4. I have no idea. By enhancement of n and p of x, do you mean the idea that their concentrations begin to "deplete" before reaching the depletion region? That would seem to imply that they begin to recombine there. As for the essence of what's going on, I'd have to understand what's really going on to judge that.
And finally, recombinations that produce photons would imply that a lot of photons of energy E_g will be emitted from any recombination, which I believe is the process behind an LED. If that's true, then I guess you'd change the color by using materials with different E_g values.
And I just realized - this means that, if this were a research situation, we could answer our question about recombination regions by looking through some kind of microscope at an active p-n junction under bias and seeing which regions were brightest! Past that, we could shine a laser with photons of energy E_g at it and see where they get absorbed the most. Actually, if we could vary the wavelength of the laser, we could use the laser to find E_g in the first place - start at low energy, and increase until photons just start getting absorbed instead of passing through, and there's your E_g. Photons of energy < E_g will just pass through, right? Or do they get reflected? And is/was this technique actually used?
Nice comment! I hope this stimulates a lot of comments/discussion. (Kind of like stimulated emission of radiation.)
ReplyDeleteGeneration: formation of electron-hole pairs, via thermal excitation.

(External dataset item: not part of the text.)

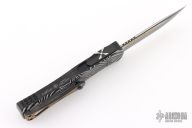 This Hera by Microtech Knives features a single-edged blade with fullers. The handle has a black aluminum frame with "Source" artwork, a tip down titanium clip with ceramic ball inset. Dated 06/2022 and s/n 478. Comes with original box, papers, and metal COA. Excellent condition.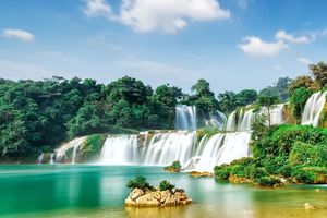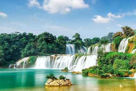 德天瀑布的美在于瀑布分三级,层层跌宕,午间艳阳高照,百米来宽的断崖上巨瀑如海倾,黄昏时夕阳残照,美不胜收,暮色中的瀑布如银帘高挂,似缟绢垂天,引人遐想。

ReplyDeleteRecombination: the process of electron-hole pairs annhilating themselves, i.e., electrons filling the holes again.
Not totally sure, but here's my guess:
Since the bulk region on the n-side has Ec much closer to mu, it is easier to have electrons excited into the conduction band there, and likewise, in the p bulk region, mu is much closer to Ev, so one would expect electrons to re-enter the valence band there more easily. So, for x>x0, generation dominates, and for x<-x0, recombination dominates.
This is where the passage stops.